Using the data below, restate exactly every line from the one with "PixAIhagoromo lala(precure),black maid,short" up to and including the one with "Formula Sources Mineral". No picture belongs in it.

- _SOURCE RECORDS_:
····················
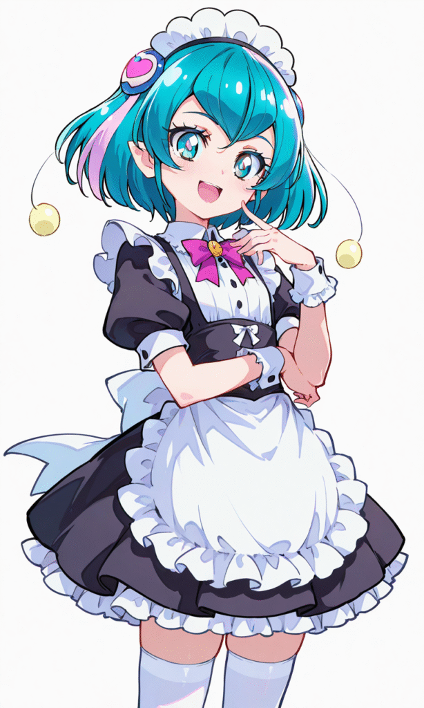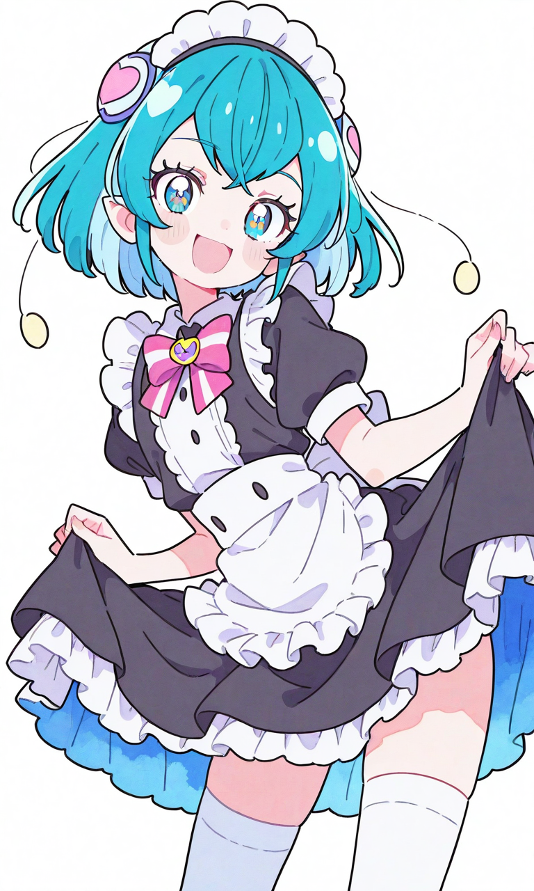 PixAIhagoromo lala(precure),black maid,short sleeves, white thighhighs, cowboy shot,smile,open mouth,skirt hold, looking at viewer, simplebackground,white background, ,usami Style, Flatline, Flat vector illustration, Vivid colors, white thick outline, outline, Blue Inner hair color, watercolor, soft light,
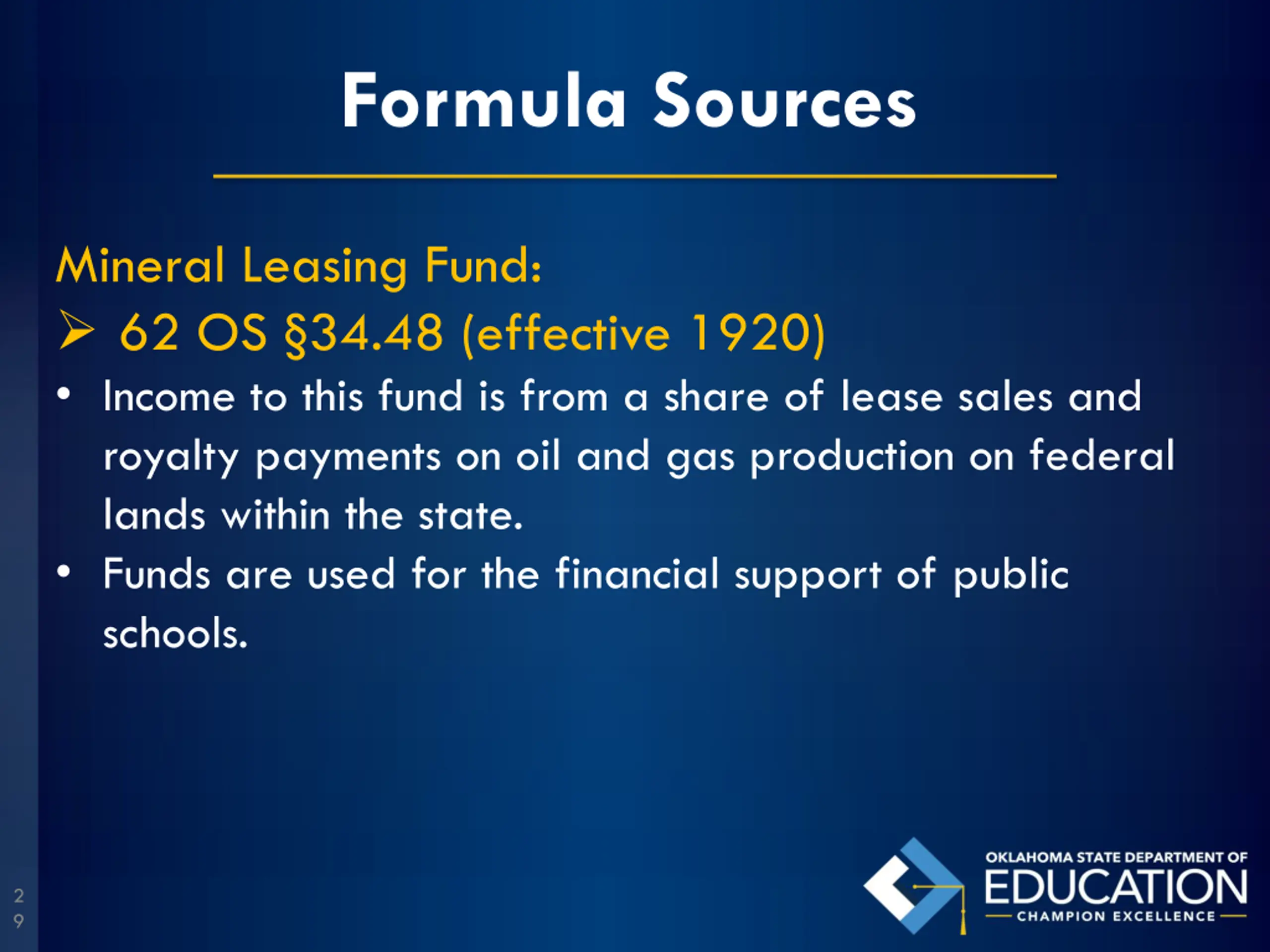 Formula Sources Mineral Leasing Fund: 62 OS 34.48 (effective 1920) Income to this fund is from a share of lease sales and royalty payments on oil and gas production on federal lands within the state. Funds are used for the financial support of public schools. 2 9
····················
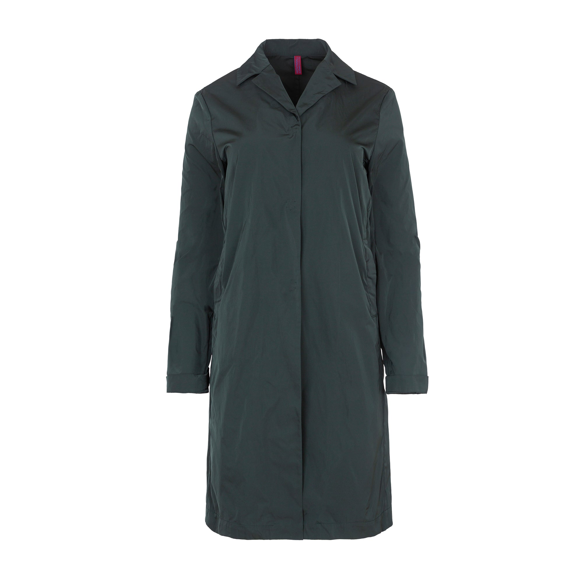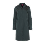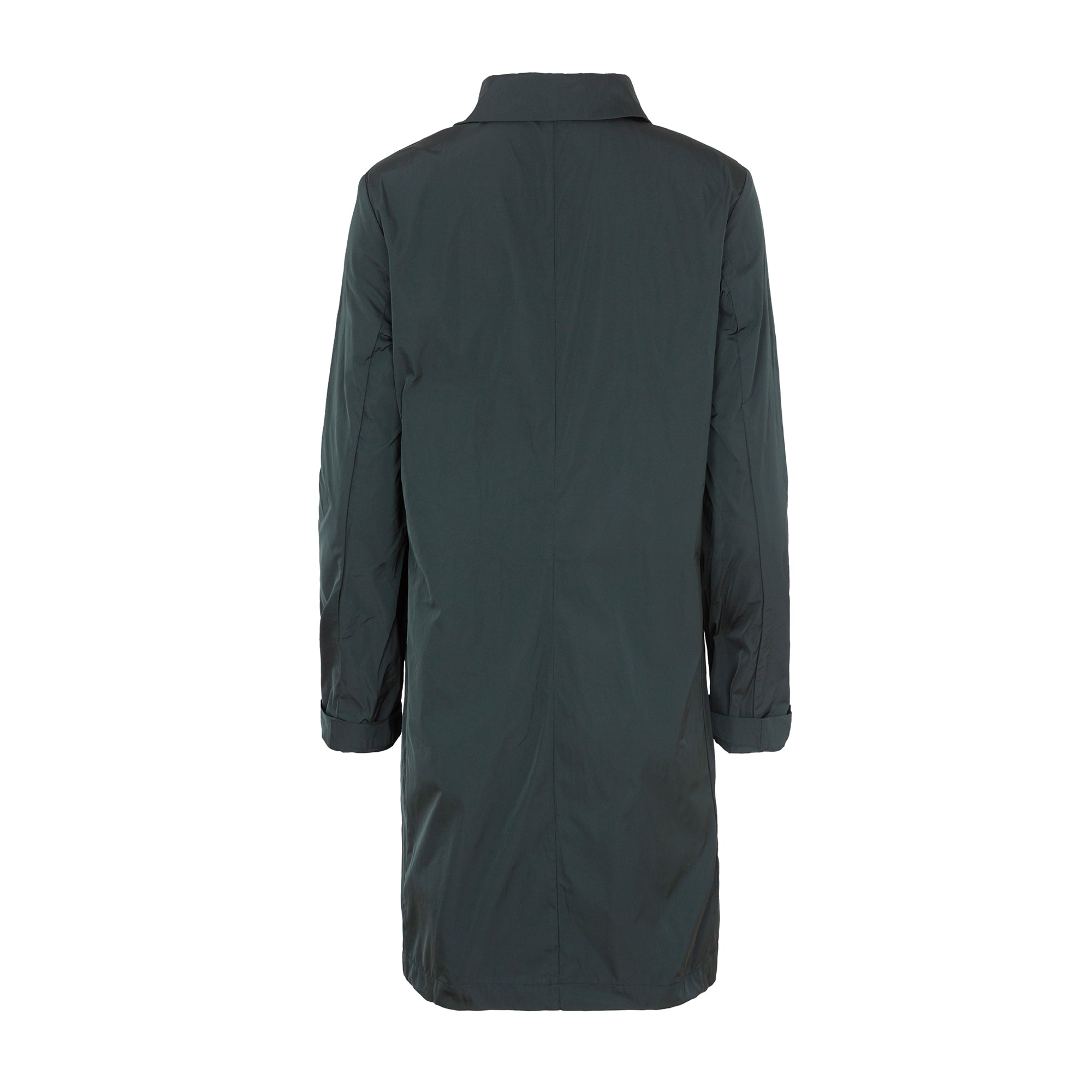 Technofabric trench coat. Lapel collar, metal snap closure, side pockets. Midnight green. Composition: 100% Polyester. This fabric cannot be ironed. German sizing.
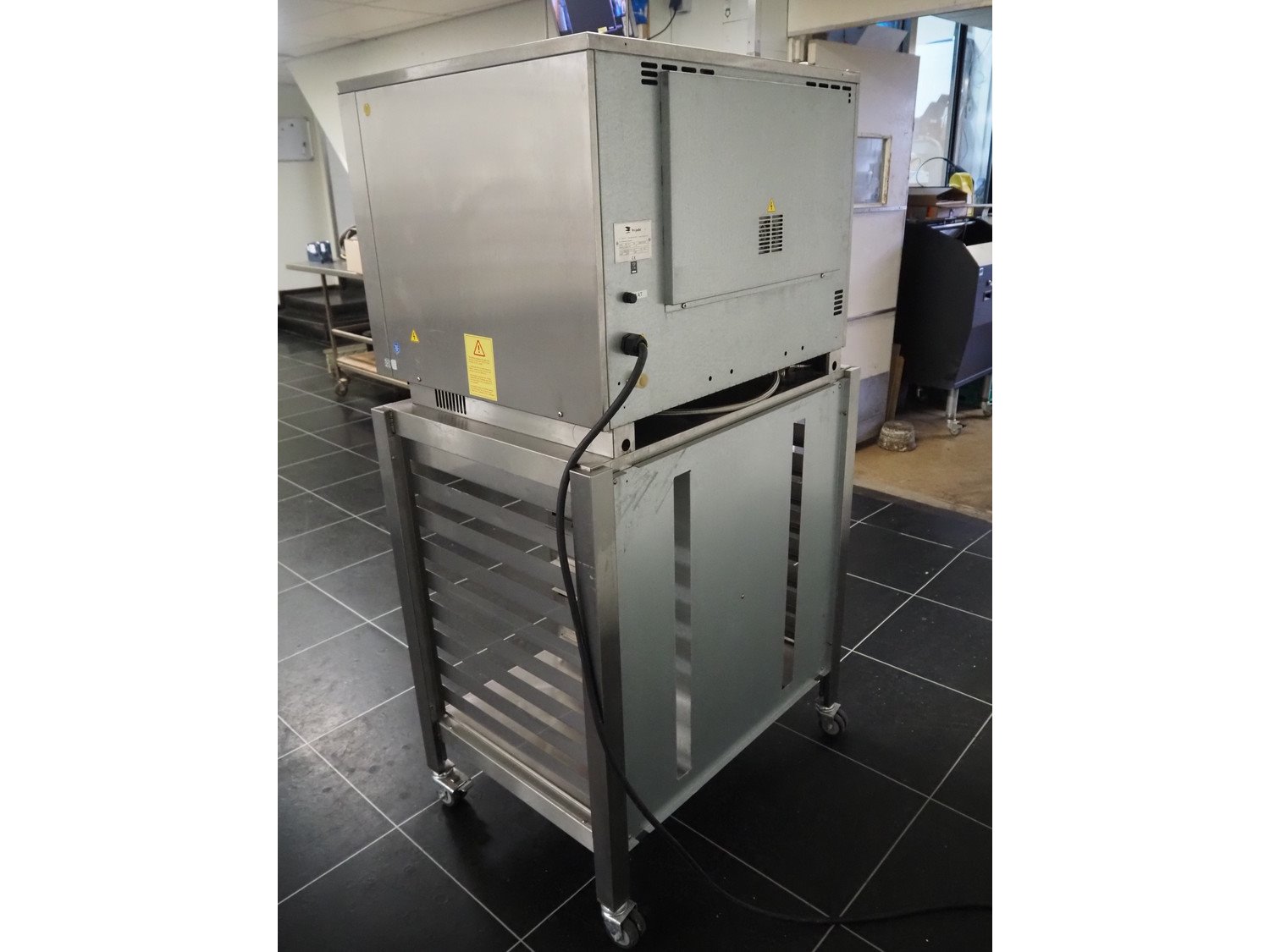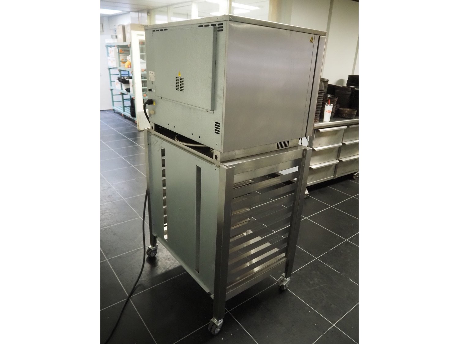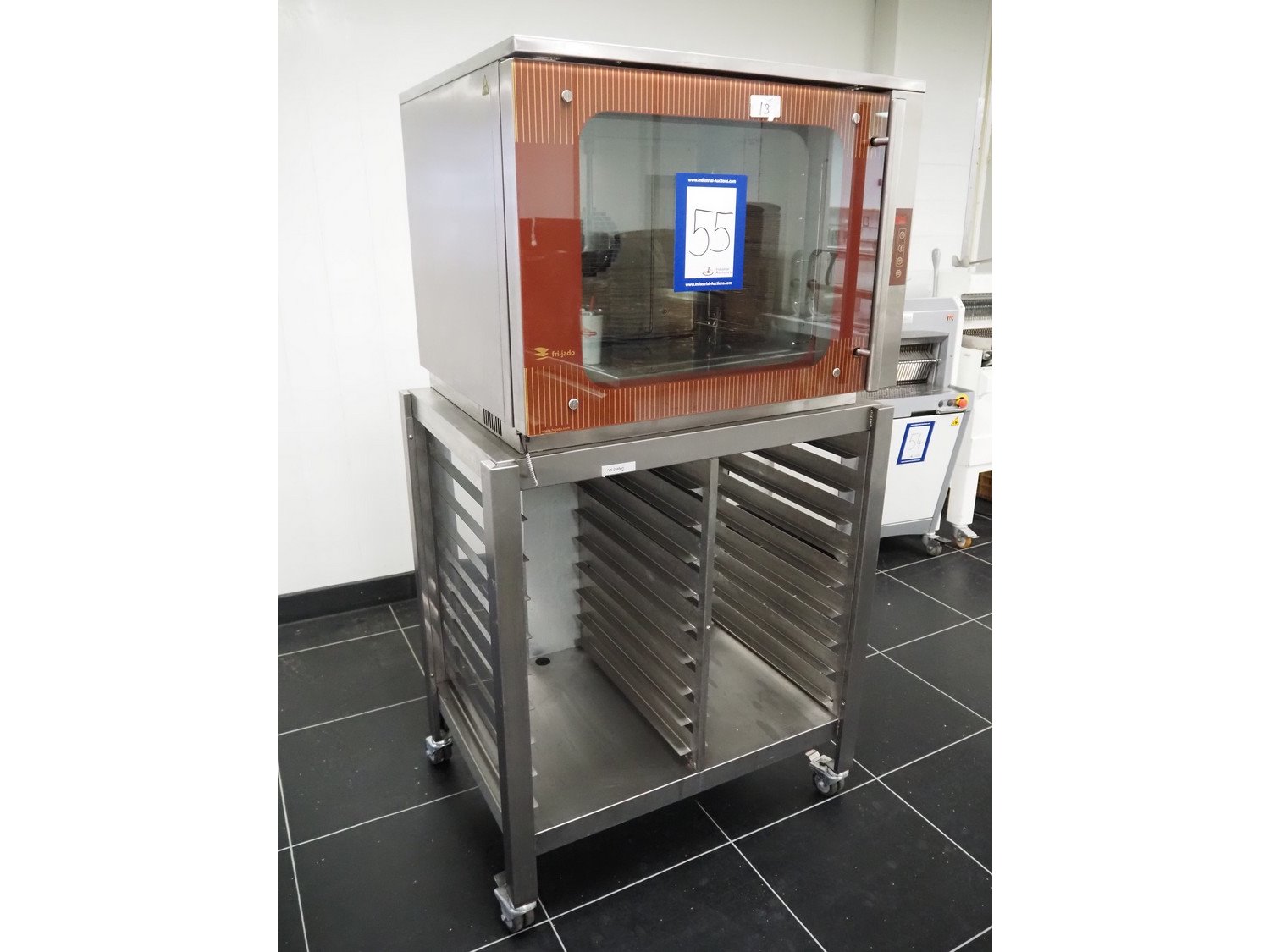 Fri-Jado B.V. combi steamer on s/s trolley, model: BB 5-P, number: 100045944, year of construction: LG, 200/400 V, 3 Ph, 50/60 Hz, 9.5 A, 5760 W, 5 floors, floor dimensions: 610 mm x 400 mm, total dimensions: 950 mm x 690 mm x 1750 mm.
····················
- _ANSWER BOX_:
 PixAIhagoromo lala(precure),black maid,short sleeves, white thighhighs, cowboy shot,smile,open mouth,skirt hold, looking at viewer, simplebackground,white background, ,usami Style, Flatline, Flat vector illustration, Vivid colors, white thick outline, outline, Blue Inner hair color, watercolor, soft light,
 Formula Sources Mineral Leasing Fund: 62 OS 34.48 (effective 1920) Income to this fund is from a share of lease sales and royalty payments on oil and gas production on federal lands within the state. Funds are used for the financial support of public schools. 2 9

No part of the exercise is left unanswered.